===== Data for this exercise =====

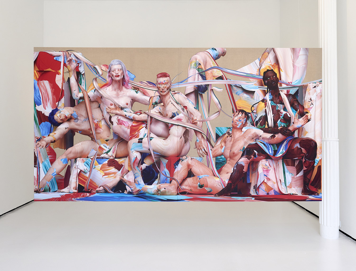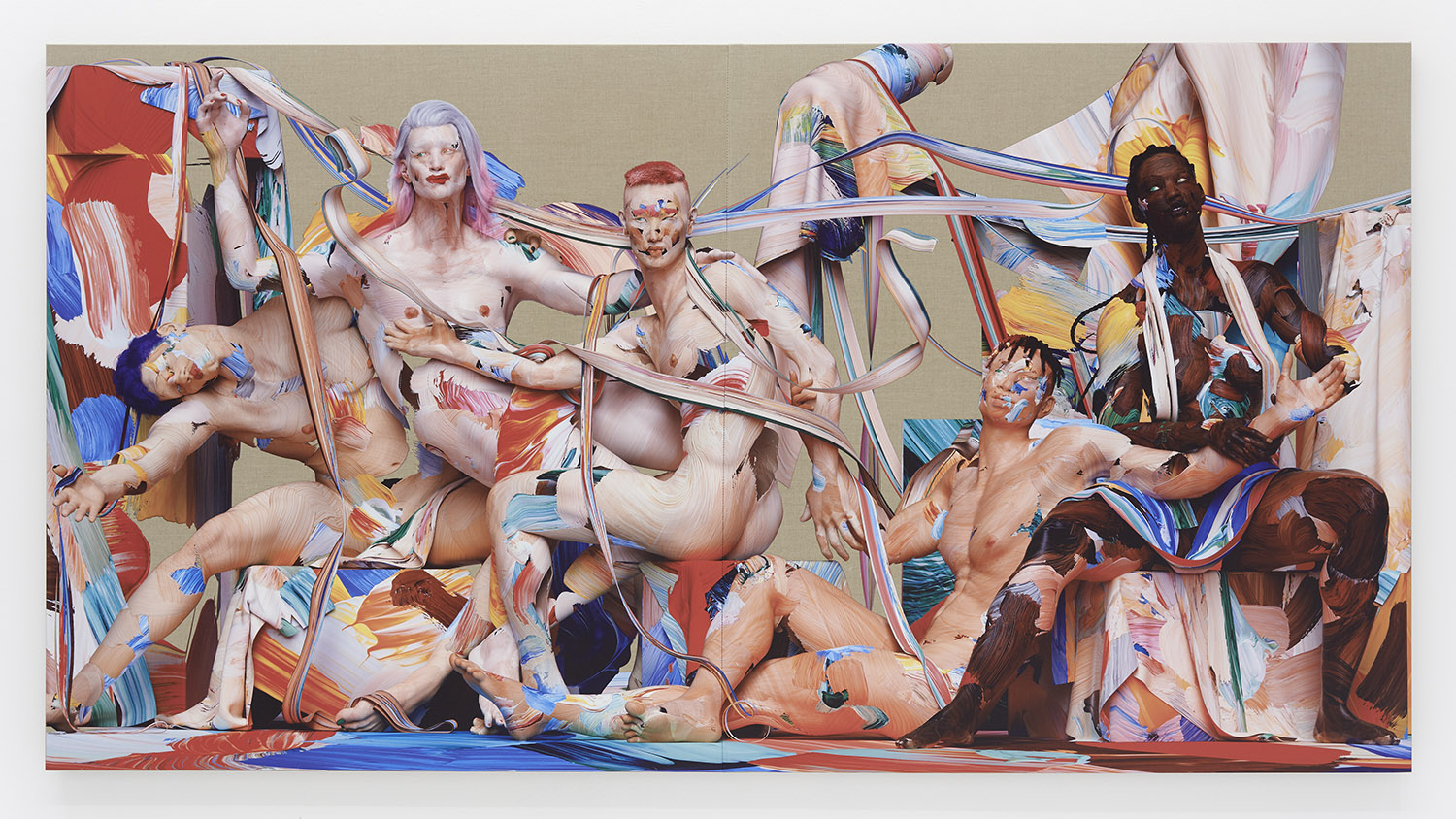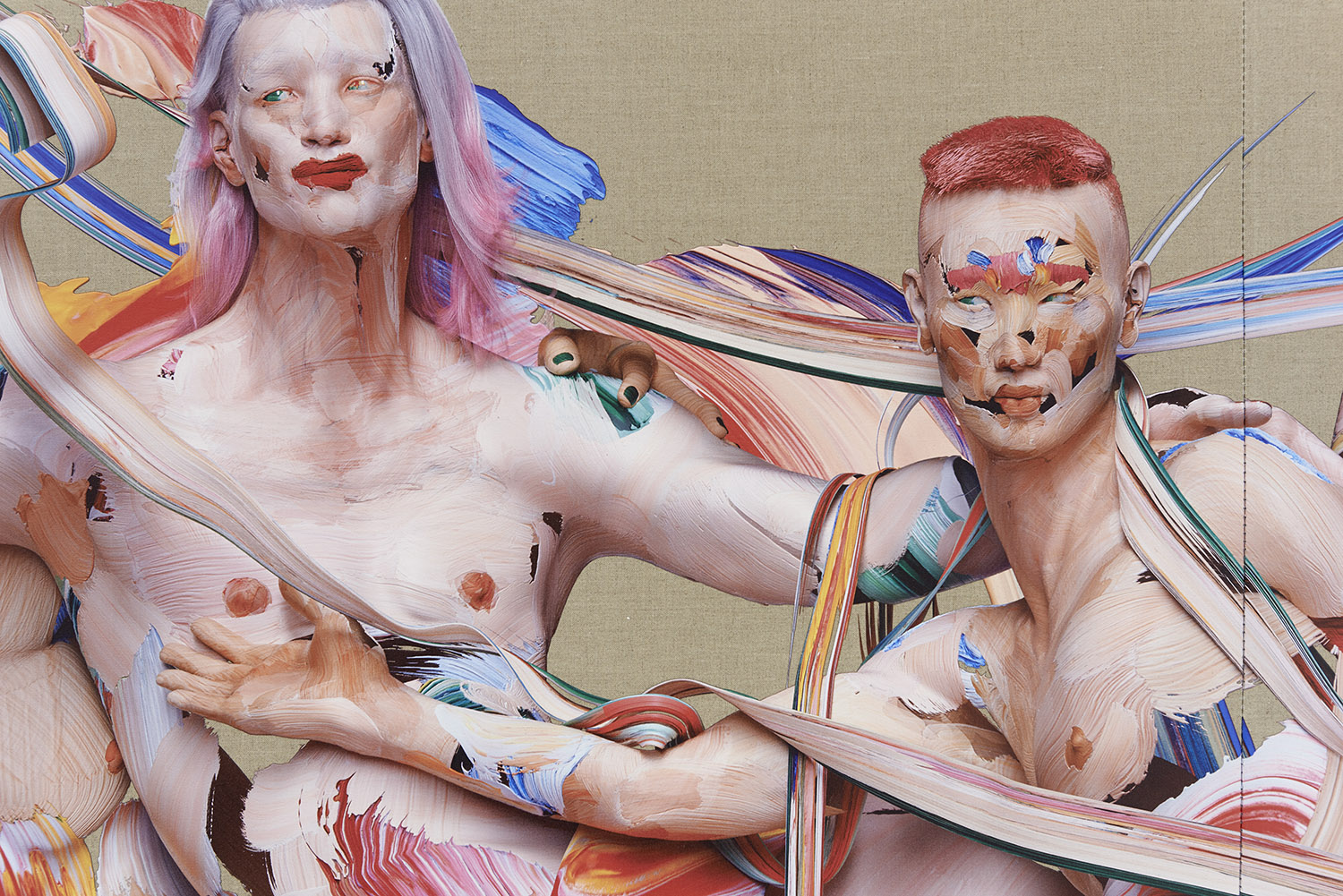 This large-scale figurative work is made through an innovative technique for painting the figure developed by the artist over the past few years. Paint marks are created on glass and scanned on top and underneath to create a 3D paint gesture. Hundreds of these marks are compiled in 3D programs to create the composition. Stretched and shaped, wrapping around a muscle or transparently layered to light up a volume, these digitized brush strokes are used like an oil painter would to form not just figures but draperies, environments and pure painterly exuberance.
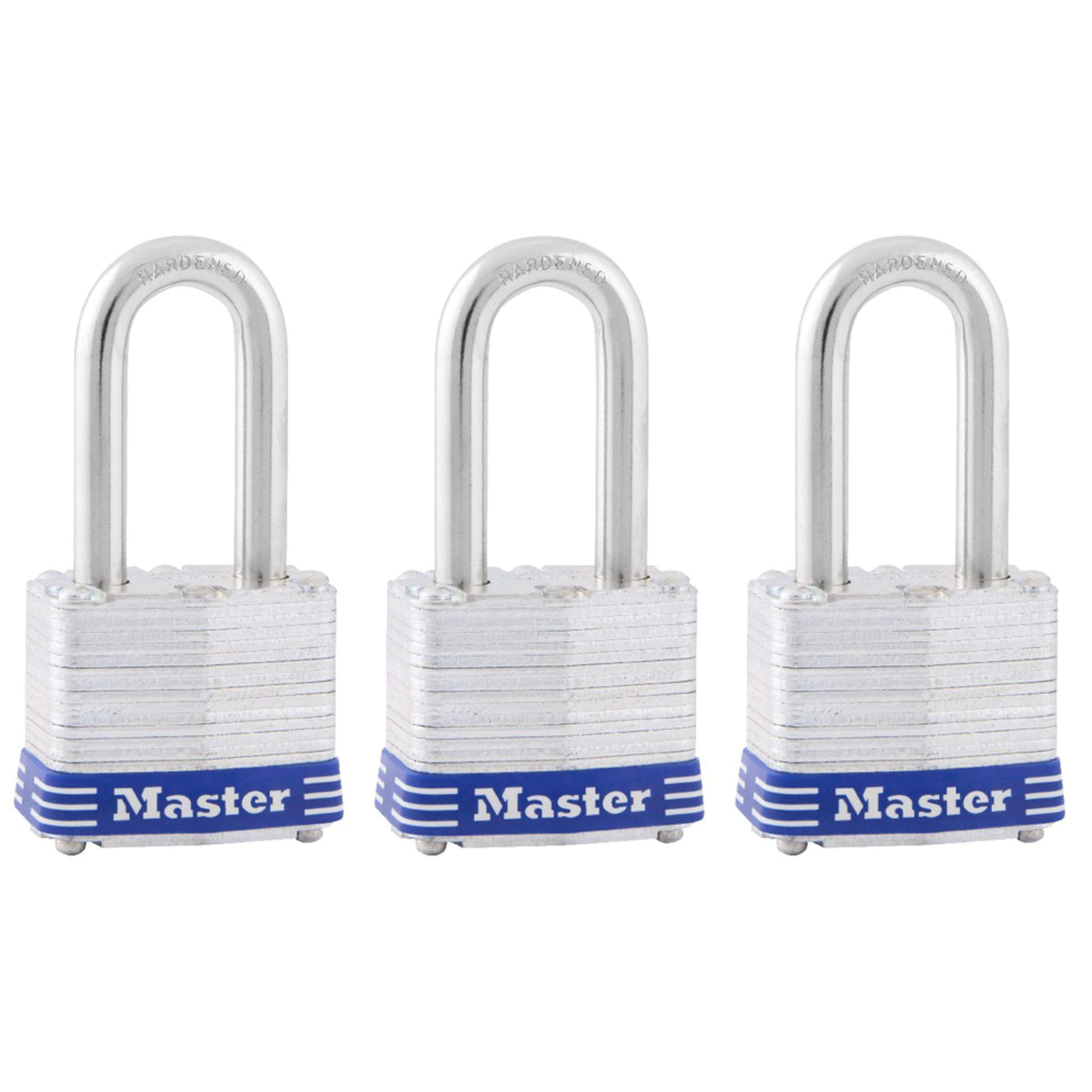 The Master Lock 3TRILF Laminated Steel Padlocks with Key feature a 1-9/16 in. (40 mm) wide laminated steel body for maximum strength and reliability. The 9/32 in. (7 mm) diameter shackle is 1-1/2 in. (38 mm) long and made of hardened steel, offering extra resistance to cutting and sawing. The 4-pin cylinder prevents picking and the dual locking ball bearings provide resistance against prying and hammering. The Lifetime Guarantee provides peace of mind from a brand you know and can trust. From the Manufacturer Master Lock 1-9/16" (40mm) wide Laminated Steel Pin Tumbler Padlock.
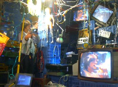 log_buch_eintrag_ <_log_start> die innen_base der base_innenraum wurde zum einen als wohnstelle, zum anderen als fernsehstudio für die taeglich-digital-sendung und generell als arbeitsplatz genutzt. die base war also mit zwei schlaf-kojen_für_die_crew/arbeits-stationen/material/technik/lager/-plätzen/mister_digital und einer komplexen fernsehstudioinstallation ausgestattet. die schlafkojen befanden sich rechts und links des eingangs erhöht über den köpfen der besucher. gegenüber der eingangstür war das zentrum der fernsehstudio-installation. dort gab es eine bühne, die nach hinten in eine fernsehstudio-wand aus aufgetürmten fernsehern/ monitoren/geräten überging. auf den monitoren bekam man zweierlei bilderfluten zu sehen: unsere live fernsehsendung/flows. das licht der bildschirme/fernseher und das der unzähligen farbigen lichter/strahler bestimmten die lichtverhältnisse. tageslicht konnte lediglich durch die eingangstür und durch die schlitze in den kisten in die base hineinstrahlen. |
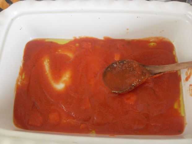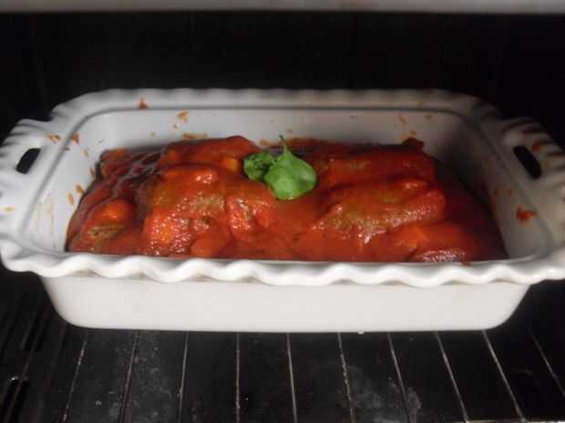 En una bandeja para hornear Vierta una pequeña cantidad de salsa de tomate y agregar el soutzoukia teniendo cuidado de colocarlos en una sola capa. Agregar la salsa restante para cubrirlas completamente y hornear a 180-200° C hasta que la salsa se espese.
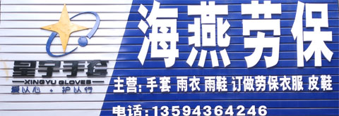 永益路201号 海燕劳保 批发各类手套、工作服、道路消防设施
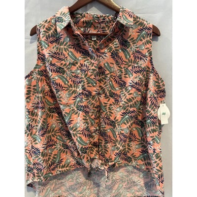 Women’s Plus Size DIP Crop Tie Tank Blouse Pink Floral Size 1X
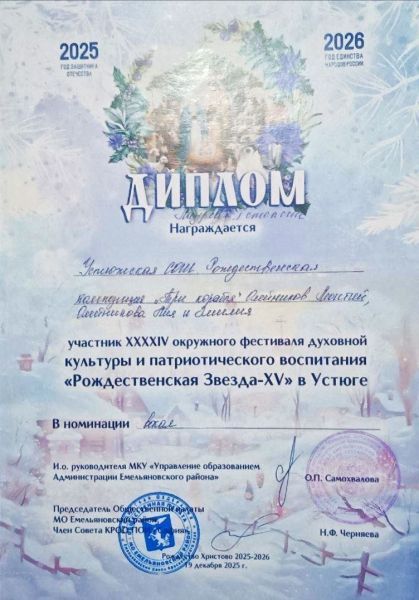 19 декабря в Устюжской общеобразовательной школе прошел фестиваль-конкурс «Рождественская звезда». В нём приняла участие семья Олейниковых – Эмиия, и, уже наши выпускники Леонтий и Лия, ученики Юрченко Светланы Петровны.
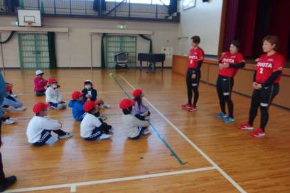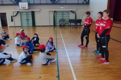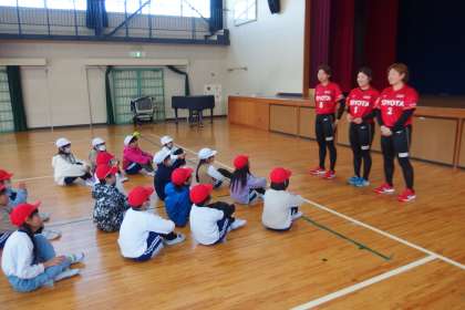 トヨタ自動車のソフトボールチーム「レッドテリア—ズ」から3人の選手をお迎えして、2年生がボールの投げ方教室を行いました。
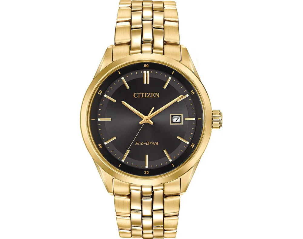 Orologio da polso Citizen Addysen BM7252-51E Analogico Uomo con movimento Al quarzo, cassa in Acciaio inossidabile di diametro 41 mm, quadrante Nero, vetro Minerale con trattamento Zaffiro e cinturino in Acciaio inossidabile di colore Oro.
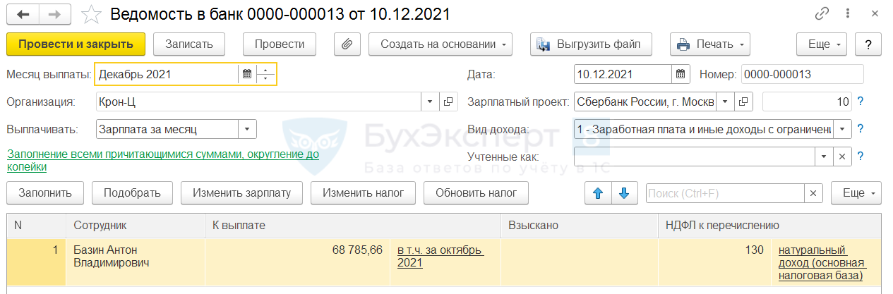 | На банковскую пластиковую карточку сотрудника (по зарплатному проекту) | Тогда же, когда будет переведена зарплата на карту либо на следующий день |
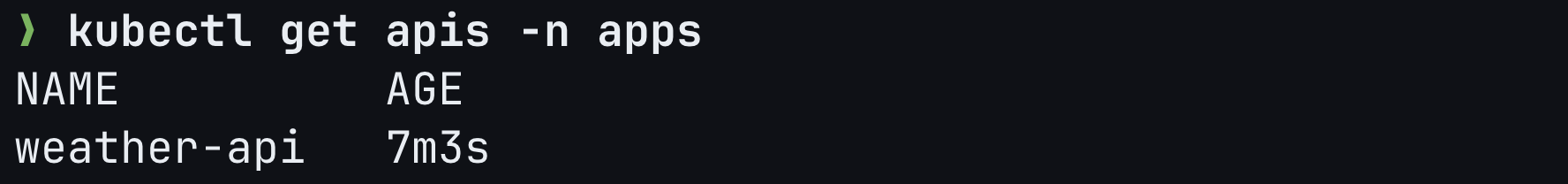First, create a namespace for your API and deploy the sample weather API:
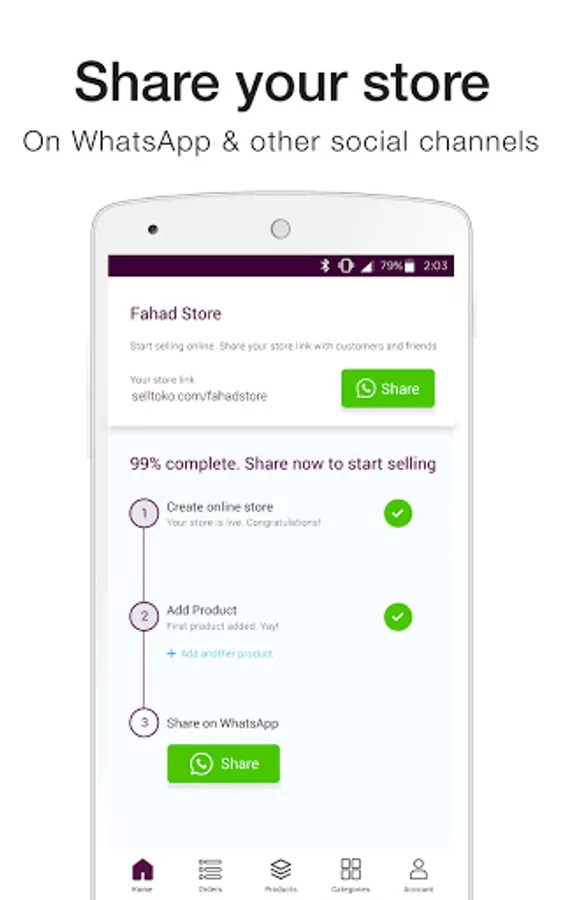 2. Share web store links with anyone on WhatsApp, WhatsApp business, Facebook or Instagram.
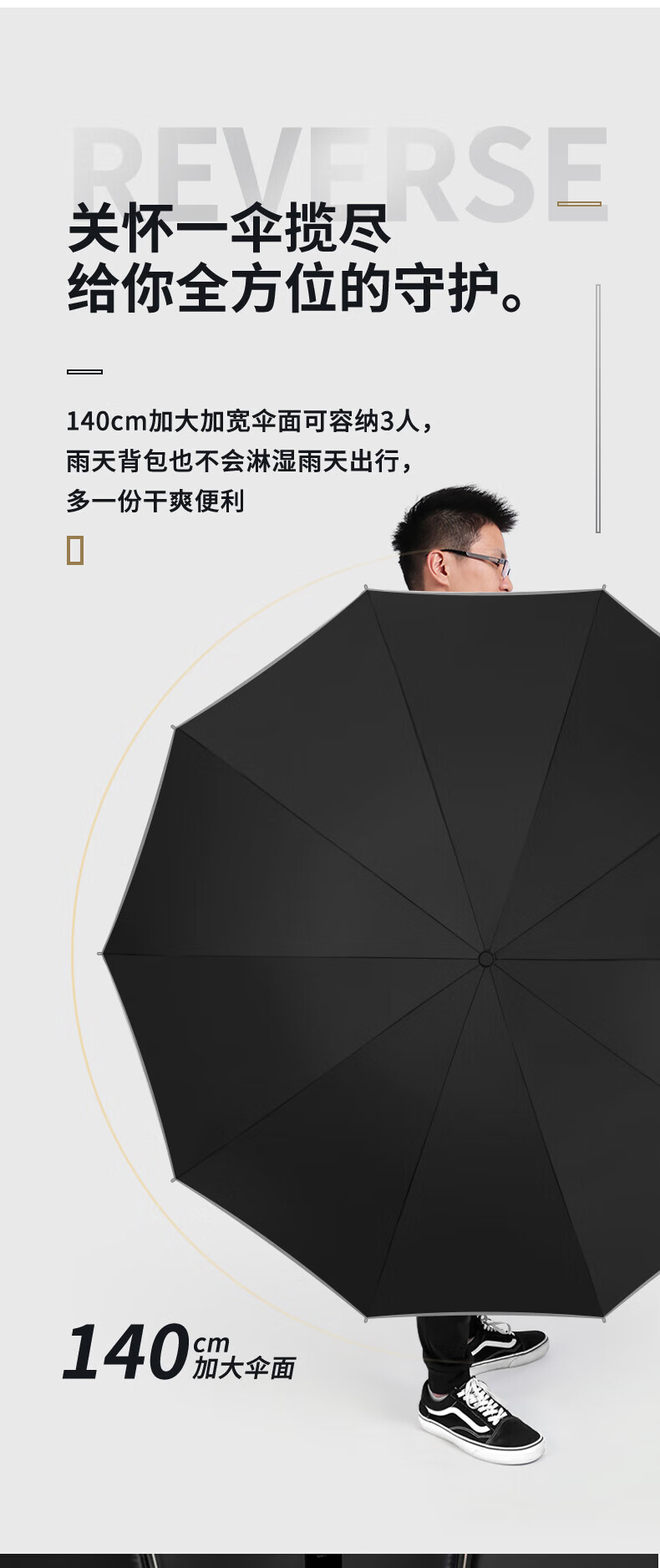DEATKN32骨全自动雨伞反向折叠超大号男女加固抗风遮阳防晒晴雨两用 反向130CM防雨(2-3人)黑色 24骨
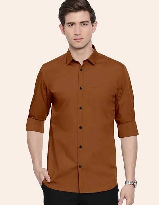 Neviq Fabs Men Solid Casual Brown Shirt

=====

= Work item =
For this exercise, please reproduce the records above exactly and drop the images.

= Answer =
 This large-scale figurative work is made through an innovative technique for painting the figure developed by the artist over the past few years. Paint marks are created on glass and scanned on top and underneath to create a 3D paint gesture. Hundreds of these marks are compiled in 3D programs to create the composition. Stretched and shaped, wrapping around a muscle or transparently layered to light up a volume, these digitized brush strokes are used like an oil painter would to form not just figures but draperies, environments and pure painterly exuberance.
 The Master Lock 3TRILF Laminated Steel Padlocks with Key feature a 1-9/16 in. (40 mm) wide laminated steel body for maximum strength and reliability. The 9/32 in. (7 mm) diameter shackle is 1-1/2 in. (38 mm) long and made of hardened steel, offering extra resistance to cutting and sawing. The 4-pin cylinder prevents picking and the dual locking ball bearings provide resistance against prying and hammering. The Lifetime Guarantee provides peace of mind from a brand you know and can trust. From the Manufacturer Master Lock 1-9/16" (40mm) wide Laminated Steel Pin Tumbler Padlock.
 log_buch_eintrag_ <_log_start> die innen_base der base_innenraum wurde zum einen als wohnstelle, zum anderen als fernsehstudio für die taeglich-digital-sendung und generell als arbeitsplatz genutzt. die base war also mit zwei schlaf-kojen_für_die_crew/arbeits-stationen/material/technik/lager/-plätzen/mister_digital und einer komplexen fernsehstudioinstallation ausgestattet. die schlafkojen befanden sich rechts und links des eingangs erhöht über den köpfen der besucher. gegenüber der eingangstür war das zentrum der fernsehstudio-installation. dort gab es eine bühne, die nach hinten in eine fernsehstudio-wand aus aufgetürmten fernsehern/ monitoren/geräten überging. auf den monitoren bekam man zweierlei bilderfluten zu sehen: unsere live fernsehsendung/flows. das licht der bildschirme/fernseher und das der unzähligen farbigen lichter/strahler bestimmten die lichtverhältnisse. tageslicht konnte lediglich durch die eingangstür und durch die schlitze in den kisten in die base hineinstrahlen. |
 En una bandeja para hornear Vierta una pequeña cantidad de salsa de tomate y agregar el soutzoukia teniendo cuidado de colocarlos en una sola capa. Agregar la salsa restante para cubrirlas completamente y hornear a 180-200° C hasta que la salsa se espese.
 永益路201号 海燕劳保 批发各类手套、工作服、道路消防设施
 Women’s Plus Size DIP Crop Tie Tank Blouse Pink Floral Size 1X
 19 декабря в Устюжской общеобразовательной школе прошел фестиваль-конкурс «Рождественская звезда». В нём приняла участие семья Олейниковых – Эмиия, и, уже наши выпускники Леонтий и Лия, ученики Юрченко Светланы Петровны.
 トヨタ自動車のソフトボールチーム「レッドテリア—ズ」から3人の選手をお迎えして、2年生がボールの投げ方教室を行いました。
 Orologio da polso Citizen Addysen BM7252-51E Analogico Uomo con movimento Al quarzo, cassa in Acciaio inossidabile di diametro 41 mm, quadrante Nero, vetro Minerale con trattamento Zaffiro e cinturino in Acciaio inossidabile di colore Oro.
 | На банковскую пластиковую карточку сотрудника (по зарплатному проекту) | Тогда же, когда будет переведена зарплата на карту либо на следующий день |
First, create a namespace for your API and deploy the sample weather API:
 2. Share web store links with anyone on WhatsApp, WhatsApp business, Facebook or Instagram.
DEATKN32骨全自动雨伞反向折叠超大号男女加固抗风遮阳防晒晴雨两用 反向130CM防雨(2-3人)黑色 24骨
 Neviq Fabs Men Solid Casual Brown Shirt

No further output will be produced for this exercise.